The field of medicine and biomedical research is undergoing a transformation due to digital biomarkers. Their use is becoming more widespread, with increasing popularity, and the widespread use of wearable technology. Digital biomarkers encompass measurable physiological and behavioral indicators that are collected through portable, wearable, implantable, or digestible digital devices.

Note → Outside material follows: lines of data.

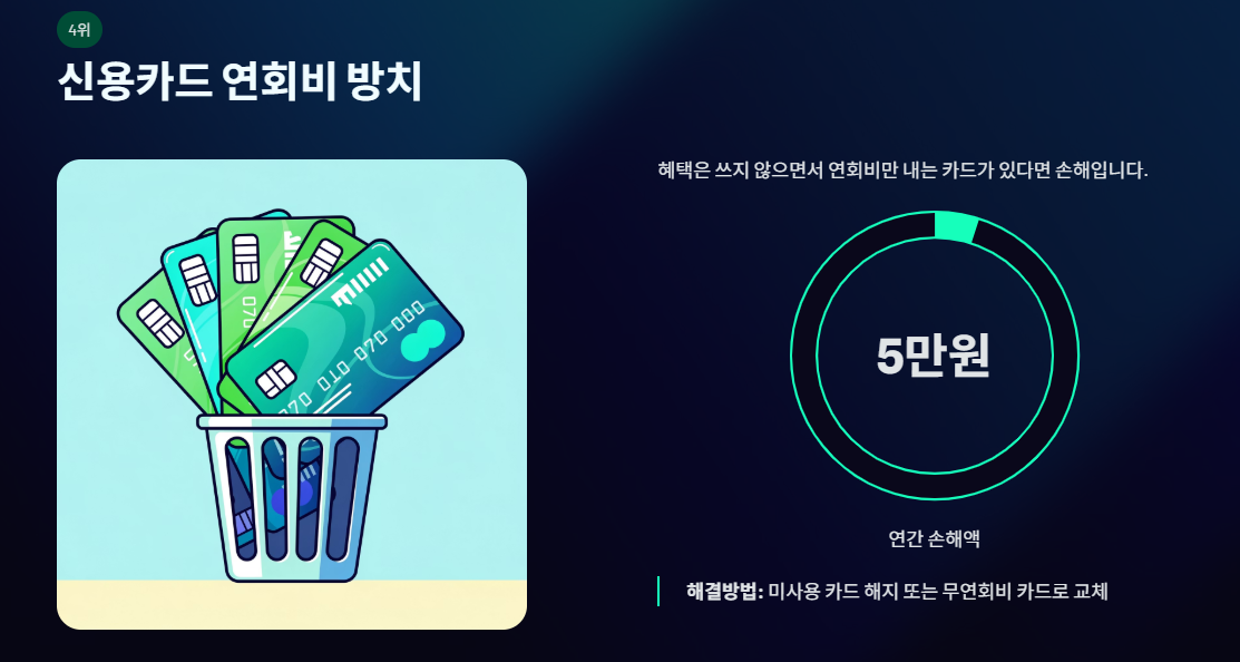 - 해결방법: 미사용 카드 해지 또는 무연회비 카드로 교체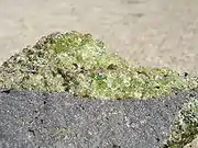 الزبرجد الزيتوني مع بيروكسين ثانوي ، بازلت حويصلي. (مجال الرؤية = 35 مم)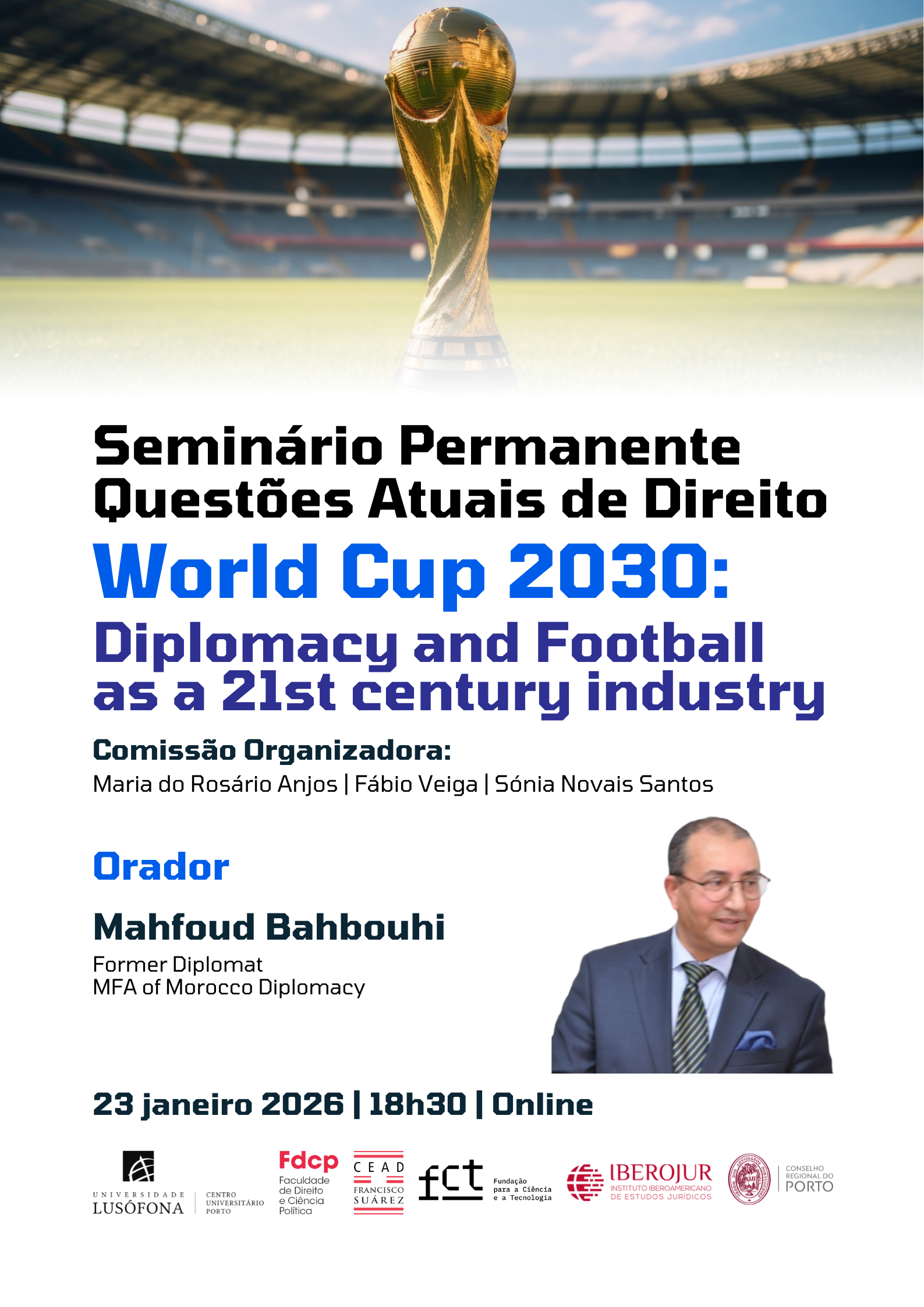 Neste sentido convidamos toda a comunidade académica e profissional a participar em mais uma sessão do Seminário Permanente “Questões Atuais de Direito”, dedicada ao tema "World Cup 2030: Diplomacy and Football as a 21st century industry"
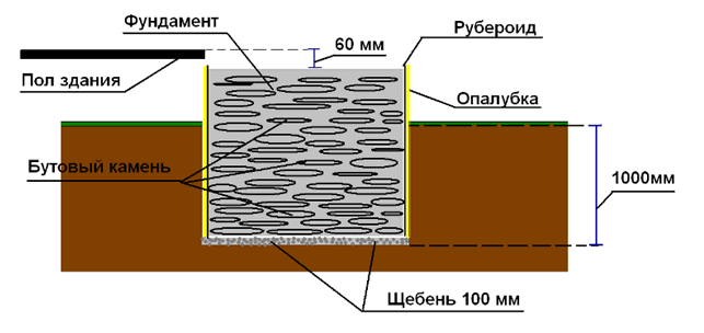 - Des moellons sont coulés, d'une épaisseur de 200 mm, remplis de mortier de ciment-sable préparé avec l'ajout de pierre concassée. Le sable et le ciment sont mélangés dans un rapport de 6: 1.

The use case and scientific question that digital biomarkers can answer are typically related to providing a prognosis, or to support a diagnosis of a condition. Monitoring a patient recovering from surgery could also be one specific use case. Our project aims to help clinicians monitor the physical well-being of patients through analysing their ability to walk, and to record instances where they may take falls. The application leverages the accelerometer sensor on the android phone in order to detect if an older patient, or a patient with a walking impairment has taken a fall, or if their condition and ability to walk is deteriorating over time. One use case could be the monitoring of a patients gait in order to track their motor function recovery after a stroke for example(1). Monitoring rehabilitation after an operation concerning spinal-cord injuries or lower limb amputations is also a possible use case for gait analysis (2). Patients with hip dysplasia, geriatric disorders, or osteoarthritis could also be monitored to analyse effects of an intervention.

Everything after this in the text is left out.